Medication Adherence: A Literature Review

Charlotte A. Kenreigh, PharmD, and Linda Timm Wagner, PharmD


October 12, 2005

In This Article

Heart Failure Patients

Both the failure to make important lifestyle changes and the failure to take prescribed medications have been identified as significant problems in patients with heart failure, but a recent review identified only a small number of studies that evaluated interventions for improving adherence.[8] Education and counseling (in person and via the telephone) have demonstrated significantly improved adherence. Simplification of the prescribed regimen and use of dispensing aids were identified as additional medication-related interventions.

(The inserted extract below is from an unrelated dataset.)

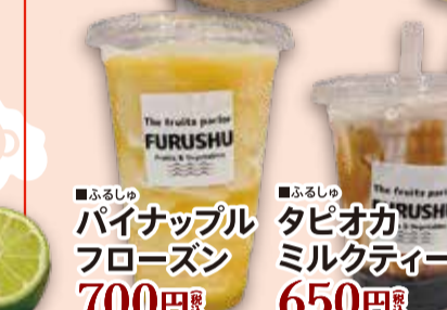
■ふるしゅ パイナップル フローズン 700円

For example, if a pharmacist recognizes that the patient is not able to maintain adherence because of a complicated medication regimen, he or she can evaluate the patient's medication profile to determine whether changes could be suggested to the prescribing clinician that would result in a simpler medication schedule. This is especially helpful if the patient is treated by more than one clinician and the prescribers are not fully aware of the patient's entire medication regimen.

The use of polypharmacy remains problematic in today's healthcare environment, and this strategy is best suited for the ideal situation in which the patient uses a single pharmacy for all prescription medications. Simple tools such as pill boxes and dosing calendars can also be beneficial for more complicated regimens.